**RAW DATA:**
☆ ☆ ☆

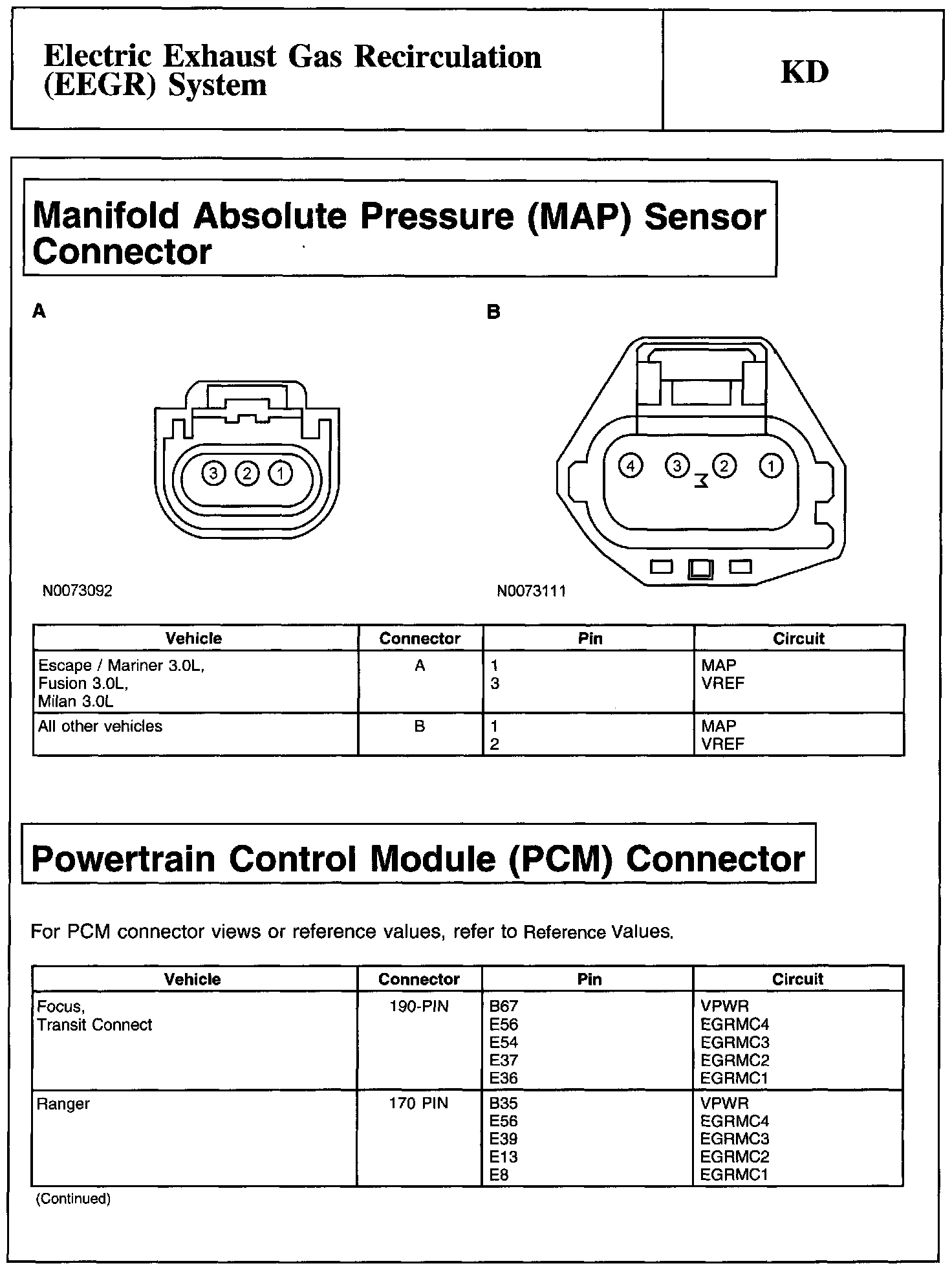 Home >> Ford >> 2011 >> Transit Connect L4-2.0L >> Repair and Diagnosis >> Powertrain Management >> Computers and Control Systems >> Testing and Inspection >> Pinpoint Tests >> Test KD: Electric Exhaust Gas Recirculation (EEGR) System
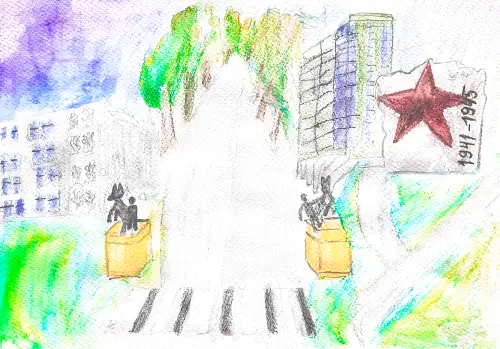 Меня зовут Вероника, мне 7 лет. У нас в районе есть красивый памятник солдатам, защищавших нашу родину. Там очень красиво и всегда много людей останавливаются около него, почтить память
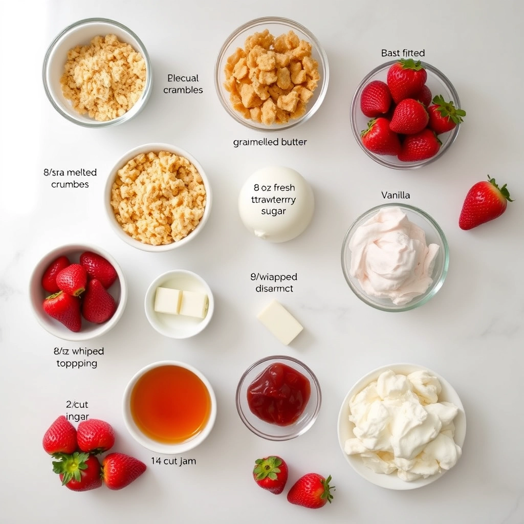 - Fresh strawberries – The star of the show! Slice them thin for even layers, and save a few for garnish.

☆ ☆ ☆

Take the line with "Меня зовут Вероника, мне" and every line after it through the end of the data, and write only them out exactly, leaving out the pictures.

**OUTPUT:**
 Меня зовут Вероника, мне 7 лет. У нас в районе есть красивый памятник солдатам, защищавших нашу родину. Там очень красиво и всегда много людей останавливаются около него, почтить память
 - Fresh strawberries – The star of the show! Slice them thin for even layers, and save a few for garnish.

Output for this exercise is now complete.